LDS stagnation: secularization or shortfalls in Mormon culture?

While the worldwide growth of the Church of Jesus Christ of Latter Day Saints (LDS) may be stalling overall, its variations in membership loss and pockets of growth and the vitality of rival global faiths suggest that there is no easy explanation for this trend, according to papers presented at the mid-October meeting of the Society for the Scientific Study of Religion in St. Louis, which RW attended. Anthropologist Henri Gooren of Oakland University considered the recent view that the stagnation of LDS membership in much of Latin America has tracked a secularization trajectory, with high economic growth and human development leading to lower rates of Mormon (and other religious) growth. But Gooren found a checkered pattern of growth, stagnation, and decline that did not always follow the economic patterns. While it is true that in 16 out of the 20 Latin American countries he studied low membership growth has tracked higher economic development, there are significant outliers. Panama and Costa Rica, with high rates of human development, also show Mormon growth. Conversely, Haiti has very low levels of social development but nevertheless shows low Mormon growth.

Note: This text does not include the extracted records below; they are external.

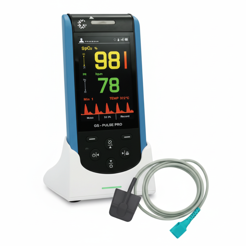 Apresentação do Produto: seguro, preciso e eficaz, o GS Pulse Pro funciona de maneira prática e intuitiva, promove monitoramento preciso, confiável e sensível mesmo com baixa perfusão, ao movimento e com sinais de pulso fraco. Possui autonomia de bateria de até 18 horas e o suporte (base carregadora) facilita o deslocamento e manuseio do dispositivo, conferindo estabilidade em qualquer superfície plana e melhor visualização dos dados.
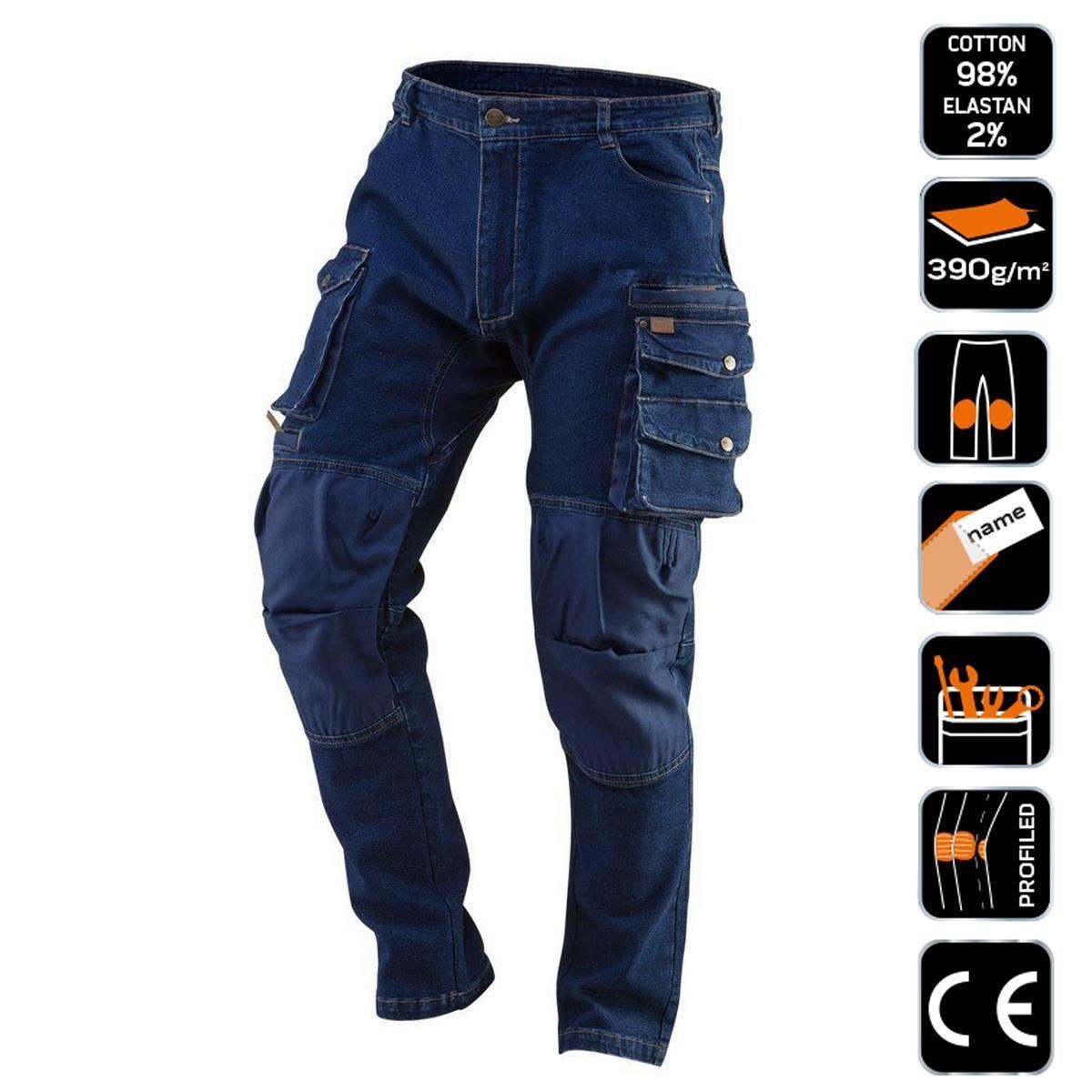 Pantaloni de lucru tip blugi, cu intariri pentru genunchi, model Denim, marimea S/48, NEO
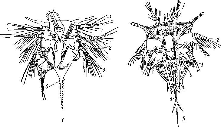 Личиночные фазы Balanus. I — науплиус; II — метанауплиус:
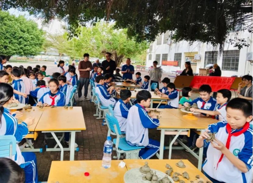 2022级雕塑班12位学生开启为期4天的艺术实践课。首日走进琼中县黎母山镇新进中学,开展“助力乡村教育,护苗快乐成长”活动,为新进中学40名学生普及雕塑知识。
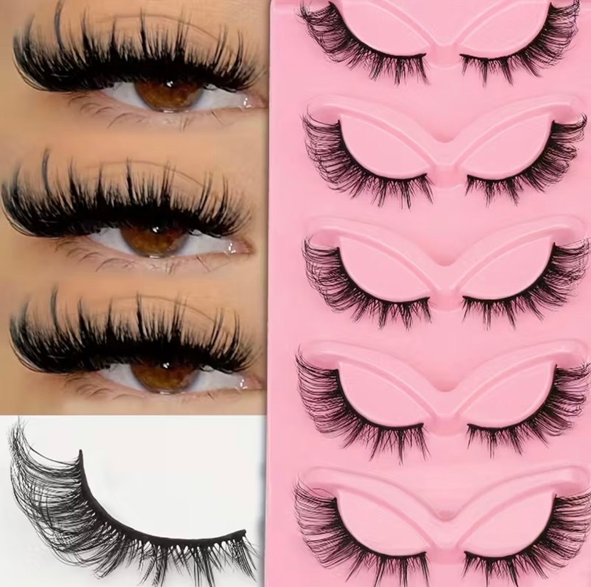 hacimli görünüm sağlayan takma kirpik seti, pembe tepside sunulmuştur.
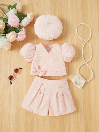 Baby Girl Solid Color Textured Short Sleeve Top, Shorts And Hat Set With Bow Decoration-42%
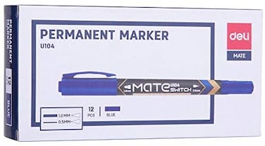 Deli 12pcsBox Blue Whiteboard Marker Pens 2tip Stationery Office Supplies Permanent Marker Fine Bullet Tip Dry Wipe Low Odor NonToxic Intense Color WaterBased Ink Black Marker
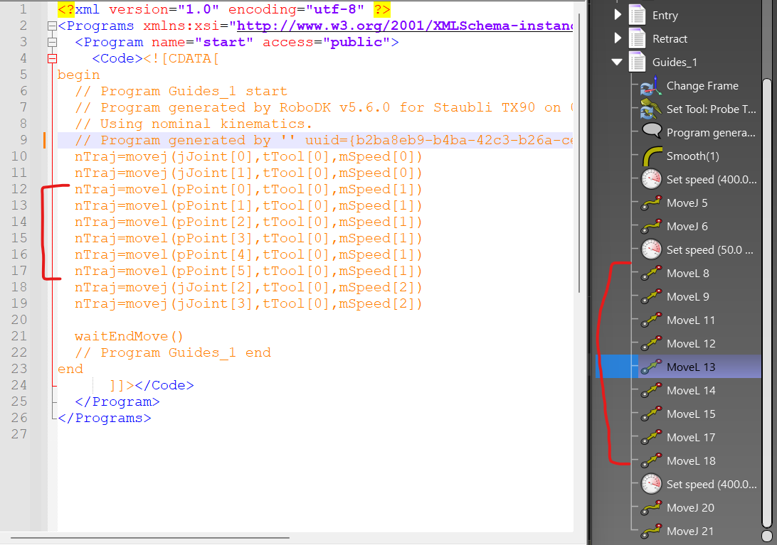 The Staubli post-processor is removing some of my MoveL instructions (in RoboDK I have 9 MoveL instructions but the resulting VAL3 program contains only 6).

Another paper, by David Stewart of the University of Nevada School of Medicine, took a different tack on LDS stagnation, focusing on the internal cultures and traditions of the LDS, the Seventh Day Adventists (SDA), and the Jehovah’s Witnesses and on their unintended consequences for growth. Analyzing church statistics for the three bodies (which are often compared for their “restorationist” teachings and global reach), Stewart found a continuing pattern of stagnation and even decline in the LDS that contrasted with the other groups. In 2017, while LDS growth rates fell to their lowest levels since 1937 and convert baptisms dropped to a 30-year low, the Jehovah’s Witnesses’ growth remained steady and the SDA showed a net membership increase of almost one million. Growth in LDS congregations increased by only one percent over the last 20 years, compared to Jehovah’s Witness congregations tripling between 1981 and 2017 and SDA churches quadrupling during that time. Stewart argued that certain early decisions and policies of the LDS negatively impacted its later development, such as the decision to locate “Zion” in Utah, which did build a cohesive society and have the immediate effect of sharp growth but did not encourage indigenous and permanent leaders for the long term. In contrast to itinerant leadership, the Jehovah’s Witnesses and SDA built indigenous leadership as part of a permanent-growth model.

Because missionary work has been seen as the priesthood duty of adult males in the LDS, women have not been “systematically engaged in personal evangelism, notwithstanding research from other faiths that women are more likely to engage in personal evangelism than men.” According to Stewart, since LDS women are the primary spiritual nurturers of children, their lack of experience in personal evangelism has influenced young men as well as women, leading to Mormons sharing their faith far less than Jehovah’s Witnesses, SDA members and even other Christians. Among other factors that have affected the retention and growth rates of the LDS is the celebrity status of leaders, removing them from everyday church life and members, and an emphasis on traditional families in cultures where those family structures are relatively weak. A policy of building expensive U.S.-style meetinghouses for small international audiences contrasts with the humble and local-based structures of the Jehovah’s Witnesses and SDA, and such an international focus shifts resources away from further expansion into receptive areas. Stewart added that in its missions the LDS has concentrated on “stagnant areas” where Mormons and Christianity in general have had a long presence, shying away from more unreached places where the Mormon message might find more traction. Although much is made of the importance of the Book of Mormon, Stewart found that distribution of the sacred text has trailed far behind Jehovah’s Witness and Adventist literature promotion. He concluded that it would be difficult for the LDS to remedy these deficits, since they are the result of tradeoffs and unintended consequences from church decisions made decades, if not over a century, ago. The church may have to settle for a “constrained optimum” that would minimize or avoid any further unintended consequences.